Espionnage, le chat avec un grelot


C’est le dernier scoop du site anglais d’investigation Bellingcat et de son partenaire russe The Insider : l’homme qui a essayé d’empoisonner un ancien espion russe réfugié en Grande-Bretagne serait un colonel du renseignement militaire russe, le GRU. 

PAR MARC SCHINDLER

Belling the Cat, c’est une fable d’Esope : dans l’  «Assemblée des souris», un rongeur propose d’attacher au cou du chat un grelot dont le tintement les avertirait de l’arrivée du prédateur.  Eliot Higgins, le fondateur du site Bellingcat a expliqué l’origine de son site de vérification des informations et de journalisme d’investigation : les chats, ce sont les gouvernements. Le grelot, c’est Bellingcat.

L’affaire Skripal avait provoqué un scandale à Londres, quand la police avait découvert, le 4 mars, à Salisbury l’ex-colonel russe Skripal et sa fille inconscients dans un parc. Scotland Yard avait conclu qu’ils avaient été empoisonnés par un agent toxique, le Novichok, fabriqué du temps de l’URSS. Des cameras de surveillance avaient montré deux citoyens russes visitant Salisbury. La Première ministre Theresa May avait accusé les services secrets russes et avait expulsé des diplomates. Evidemment, Moscou avait protesté et la TV Russia Today avait diffusé une incroyable interview des deux Russes présentés comme des touristes. Poutine lui-même avait assuré que les deux hommes étaient des hommes d’affaires.

Ce que révèle Bellingcat, c’est l’identité d’un des Russes : le colonel Anatoly Chepiga, officier du GRU, vétéran des forces spéciales en Tchétchénie et décoré de l’ordre de Héros de la Russie pour son action en Ukraine. En un mois, les experts de Bellingcat ont analysé des centaines de documents trouvés sur Internet, ils ont fouillé des bases de données sur les passeports russes et ils ont interrogés leurs contacts russes. Selon Bellingcat, les noms figurant sur les passeports russes sont faux et les numéros correspondent à des agents du renseignement militaire. Leurs photos sont celles d’officiers d’une académie militaire dans l’est de la Russie. 

Ces informations sensationnelles ont fait la Une de la presse mondiale, du New York Times, au Guardian, en passant par Le Monde, la BBC et Le Temps. C’est que Bellingcat est devenue une source d’information reconnue depuis que son fondateur, Eliot Higgins, avait révélé en 2012, que Bachir El Assad utilisait des armes chimiques  contre les rebelles syriens.

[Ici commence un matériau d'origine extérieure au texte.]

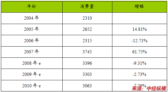 2004-2010年我国空调室外机消费状况 分析 及预测表
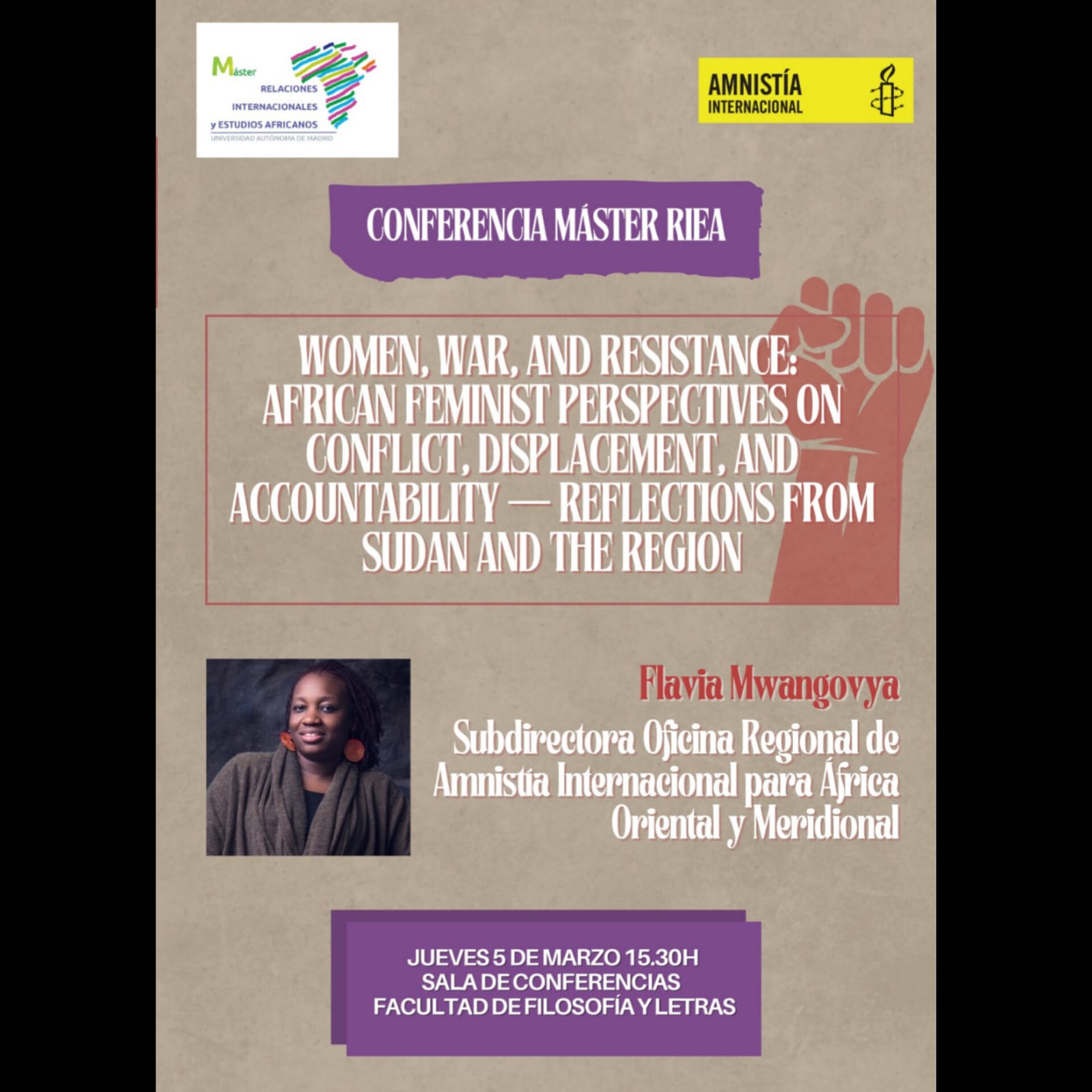 La conferencia será impartida por Flavia Mwangovya, subdirectora de la Oficina Regional de Amnistía Internacional para África Oriental y Meridional, referente internacional en justicia de género y análisis de contextos de crisis.
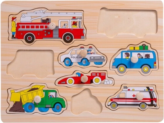 Objavte zábavnú drevenú vkladačku s úchytmi s motívom vozidiel, ktorá deťom pomôže rozvíjať jemnú motoriku, poznávacie zručnosti a rozlišovanie tvarov a farieb. Deväť pevných dielikov s pohodlnými drevenými úchytmi sa ľahko uchopuje a vkladá na správne miesta – ideálne pre malých milovníkov áut, vlakov i ďalších strojov.
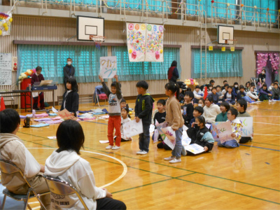 1年生からの出し物は、歌に合わせて6年生一人一人の好きなことやいいところを伝えました。「本当にありがとう、本当にありがとう」というところで目頭が熱くなりました。歌の後は、生活科で学習した昔遊びのカンポックリで競争しました。1年生の出し物を見る6年生の顔がとても優しそうでした。
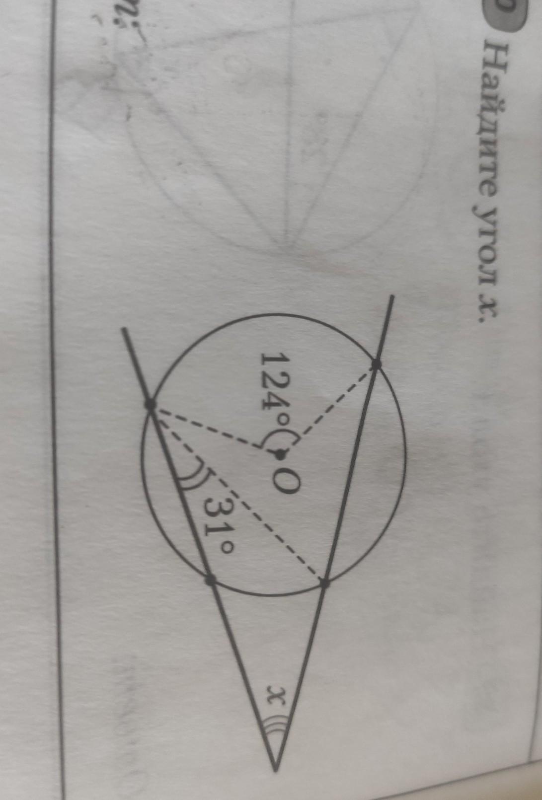 3) ∠х = (∪АК-∪BD)/2 = (124°-62°)2=62°/2 = 31°
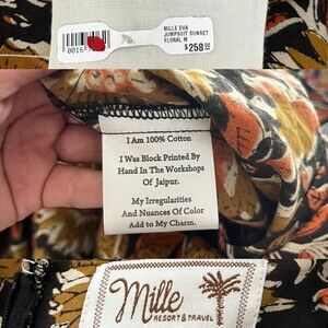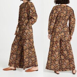 Mille Women Size M Eva Sunset Floral Puff Sleeve Wide Leg Cotton NEW Jumpsuit
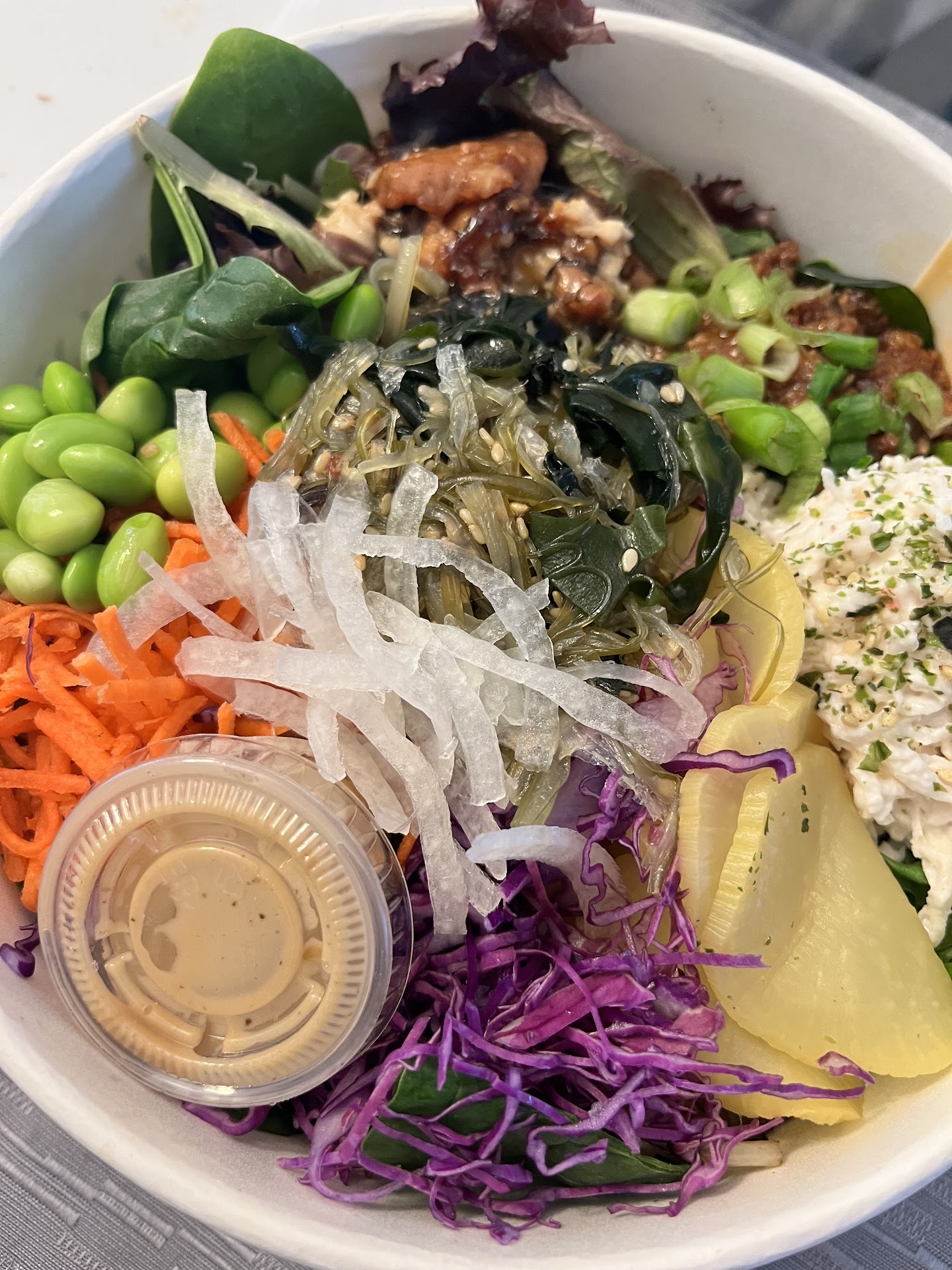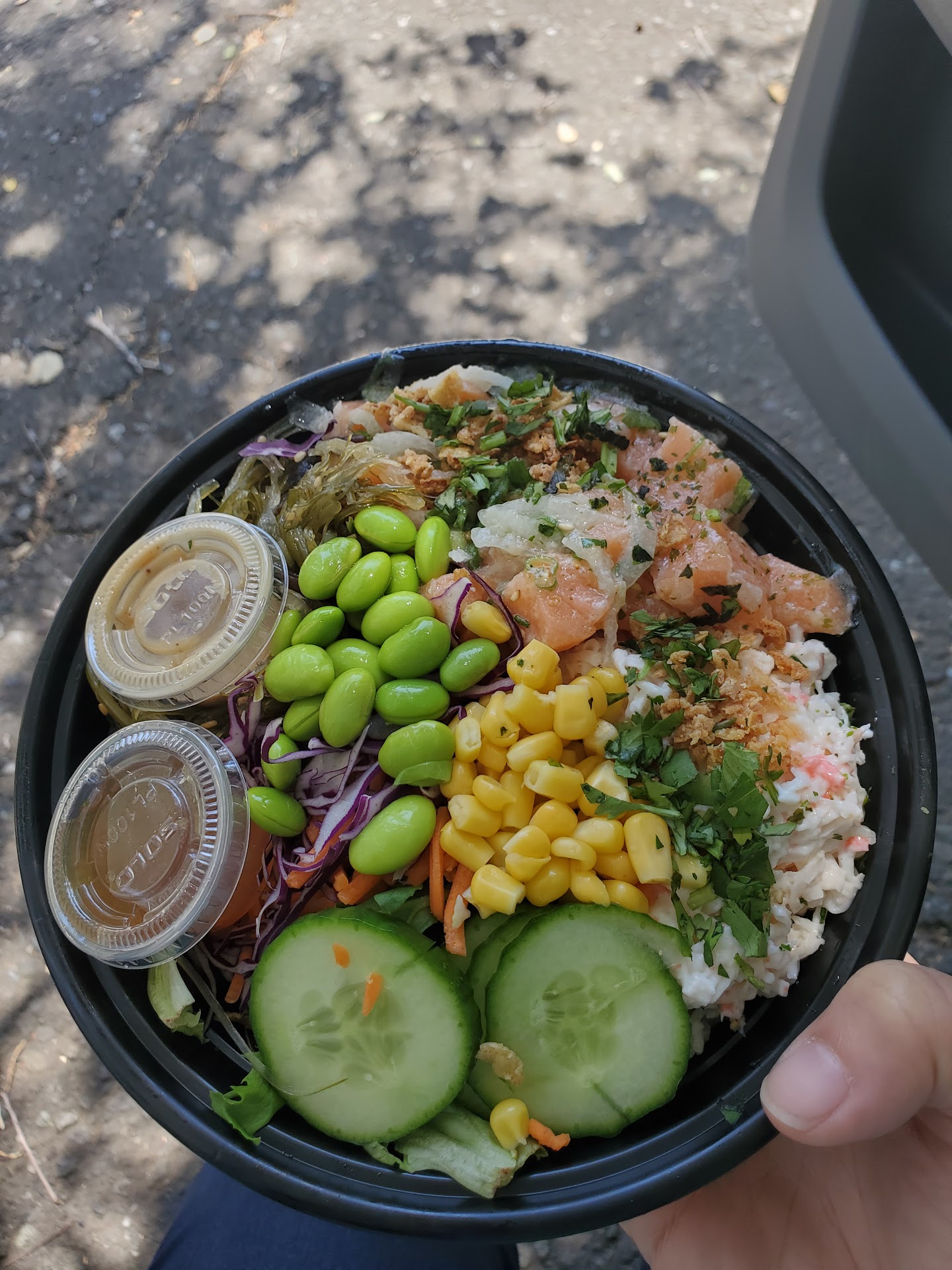 I got a "build your own" poke bowl with salmon, Shio Koji poke sauce, and "Original-Non-Oil" dressing.

C’est lui aussi qui avait révélé, en 2014, que l’avion de la Maylaysian Airlines avec 298 passagers avait été abattu par un missile russe tiré par une milice en Ukraine. Bien entendu, la Russie avait protesté avec énergie et avait accusé Bellingcat de mensonges. 

Bellingcat est un site d’investigation à l’aide d’informations de sources ouvertes (photos, cartes, videos) et des réseaux sociaux. Il a été créé en 2014 par un blogueur britannique, Eliot Higgins qui a commencé par suivre plus de 450 chaînes Youtube à la recherche d’images. Il a utilisé la géolocalisation pour repérer des armes chimiques en Syrie ou l’engagement militaire de la Russie en Ukraine. Il traque les données disponibles sur Internet, en particulier sur les réseaux sociaux « pour reconstituer la vérité des faits ». Son équipe d’enquêteurs comprend des analystes des conflits, des spécialistes de la défense, des experts en technologie, des journalistes et des chercheurs en sciences. Bellingcat organise des séminaires de formation aux Etats-Unis et en Europe pour enseigner ses outils et ses méthodes d’investigation. 

Bellingcat est attaqué par des journalistes et des analystes qui l’accusent d’être le bras armé des Etats-Unis et de la Grande-Bretagne dans la lutte contre le terrorisme et d’être financé par des fondations proches des services de renseignements occidentaux. L’un des plus virulents adversaires de Bellingcat est un analyste français, Edouard Vuiart. il a collecté les articles élogieux de la presse mondiale sur Bellingcat et sa condamnation est sans appel sur son blog www.les-crises.fr : « Un chevalier blanc, blogueur britannique au chômage et expert en rien ridiculise les gouvernements, les agences de renseignement et les commissions d’enquête du monde entier grâce à… Facebook, Twitter, Google Earth et Google Street ; des outils dont personne n’avait pu soupçonner l’utilité jusqu’alors. Et face aux succès de ce « journaliste citoyen » qui lutte dans son salon contre la propagande, les grands médias ont naturellement soutenu l’action de celui qui est sans conteste « l’avenir du journalisme ».

Comme l’écrivait Oscar Wilde   : « La vérité pure et simple est très rarement pure et jamais simple ».